A discussion panel at the MIPIM property conference in Cannes last month examined whether a European corporate governance code for property was a desirable thing.

Eckart John von Freyend, chairman of listed German property company and fund manager IVG, told the audience: “Real estate differs from other asset classes in that it is not traded centrally through a common clearing institution. This implies a certain tendency towards a lack of transparency. So moves towards greater transparency and professionalism are highly appreciated by the international investment community.”

However, only a little over half of the audience declared themselves in support of a such a code. Rupert Nabarro, founder of Investment Property Databank, argued that the European industry had already made great steps towards transparency and that perhaps a formalised code – which could not be enforced – was not necessary.

The panel agreed that the European listed sector has led the way in terms of corporate governance and transparency. EPRA recently published a third update to its best practice guidelines for European listed companies.

EPRA chief executive Nick van Ommen said: “The art is to keep things simple: it is all about moral and ethical behaviour, transparency and disclosure.” He pointed out that improved corporate governance in US REITs had vastly improved the sector’s standing with investors.

An issue for the unlisted sector

The panellists agreed that corporate governance issues were more likely to arise in the unlisted funds sector, as there was less transparency in fee structures and trading of fund units, and varying degrees of alignment between investors and fund managers. However, non-listed funds body INREV was not represented at the MIPIM event.

Paul Marcuse, chief executive of AXA Real Estate Investment Managers, which has €29bn of assets under management in direct assets and unlisted funds, said: “It is important for a code to apply irrespective of whether the fund is open or closed, core, core plus or opportunistic, unlisted or listed.”

IVG’s John von Freyend argued that the German principles should form the basis of a European code of corporate governance. “These principles do not only hold true for all kinds of real estate enterprises, I think they hold true also for all countries,” he said.

Germany’s 10 principles of corporate governance

● The indispensable basis of entrepreneurial activity in the property sector is professionalism, transparency and fairness in relation to investors, business partners, tenants, staff and the public.

● Enterprises in the property economy operate in the interests of the investors and principals and are dedicated to increasing the value of the enterprise and/or assets.

● Management must have the required suitability and sufficient experience, which ensures the continuing education of managers, junior managers and specialists.

● Expert supervisory and consultation bodies improve the decision-making quality in property deals. These bodies are appointed accordingly, and are provided with clear and comprehensive information by the management.

● Appropriate property valuations should be undertaken in accordance with recognised valuation methods by qualified, independent experts on the basis of up-to-date and objective market information.

● Property business usually involves a high capital commitment and long-term planning. For this reason, the establishment and development of an internal monitoring system and risk management is indispensable.

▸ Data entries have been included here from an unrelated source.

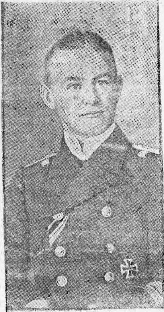
‘Ο πλωτάρχης Konrad Albrecht, ἀρχηγὸς τοῦ γερμανικοῦ τορπιλλικοῦ στόλου.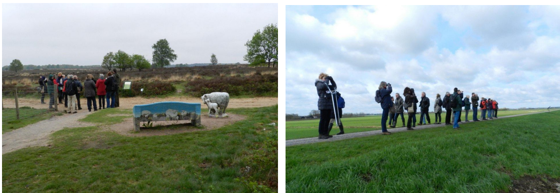
Geslaagde excursies na de theorieavonden vsn de vogelcursus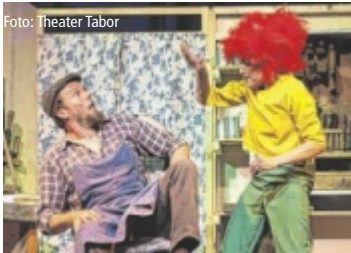
Meister Eder und der Pumuckl

Der Auftakt markiert den Start in die neue Saison des Kindertheaters. In diesem Stück hält Pumuckl mit seinen frechen Streichen seine Umwelt auf Trab, doch niemand kann ihm wirklich böse sein. Die Freundschaft zwischen ihm und Meister Eder wird jedoch auf eine harte Probe ge-

● Conflicts of interest between staff, management, supervisory and consultation bodies and the property enterprise, or between the enterprise and the investors, must be avoided or disclosed through suitable regulations.

● The audit of annual accounts is important for the protection of investors and the establishment of confidence. The criteria of independence and qualification will be strongly emphasised in the selection of the auditors.

● The property enterprise’s business model, organisational structure and participation situation must be clearly shown, and any alterations explained.

● Property companies should provide information to institutional and private investors and other market participants in an objective, clear and comprehensive form.